__WHAT YOU SHOULD DO__
Return only the lines of the data below from the line with "இந்த நிலையில், முன்னர்" up to and including the line with "Legolàctics en la", exactly as written, with the pictures omitted.

__RECORDS SUPPLIED__
== Segment start ==

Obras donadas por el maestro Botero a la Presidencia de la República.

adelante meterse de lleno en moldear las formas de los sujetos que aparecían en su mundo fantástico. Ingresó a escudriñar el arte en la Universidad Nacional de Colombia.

== Segment end ==
== Segment start ==

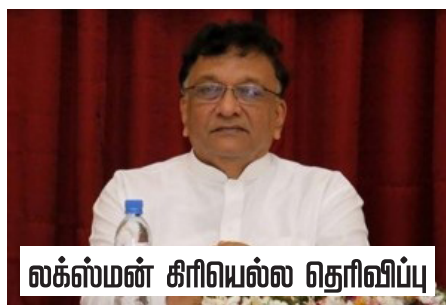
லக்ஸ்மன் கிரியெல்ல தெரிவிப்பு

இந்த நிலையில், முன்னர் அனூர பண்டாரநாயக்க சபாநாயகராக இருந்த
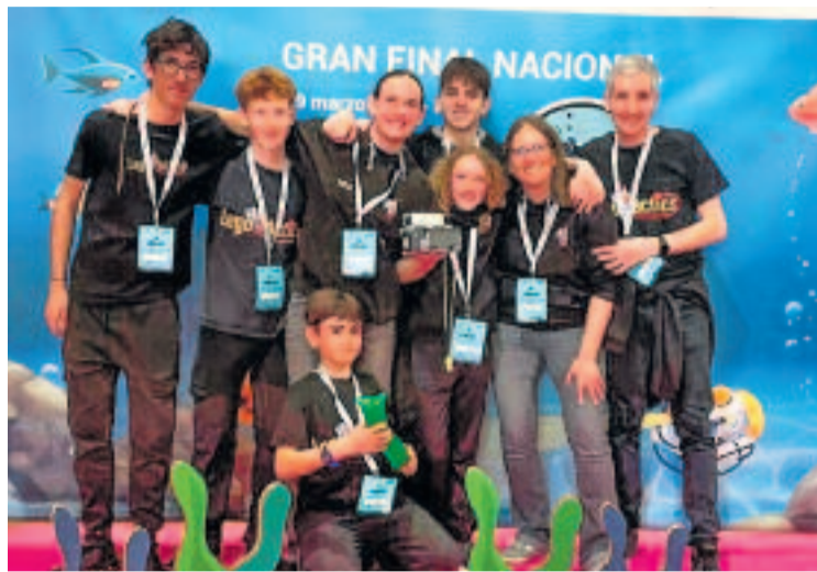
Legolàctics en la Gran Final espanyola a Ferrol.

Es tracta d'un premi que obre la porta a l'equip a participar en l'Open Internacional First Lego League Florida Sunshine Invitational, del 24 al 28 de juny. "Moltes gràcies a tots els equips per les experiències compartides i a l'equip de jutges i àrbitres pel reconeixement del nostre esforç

== Segment end ==
== Segment start ==

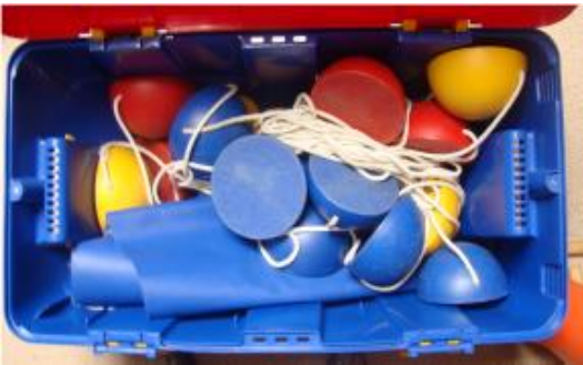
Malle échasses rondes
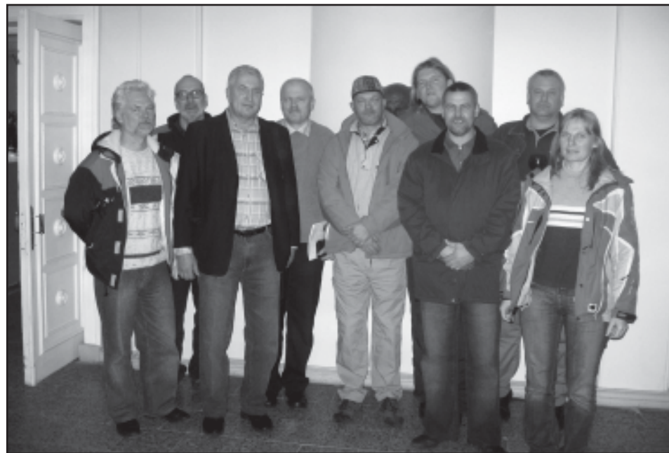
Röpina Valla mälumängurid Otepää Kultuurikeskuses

== Segment end ==

__ANSWER SPACE__
இந்த நிலையில், முன்னர் அனூர பண்டாரநாயக்க சபாநாயகராக இருந்த
Legolàctics en la Gran Final espanyola a Ferrol.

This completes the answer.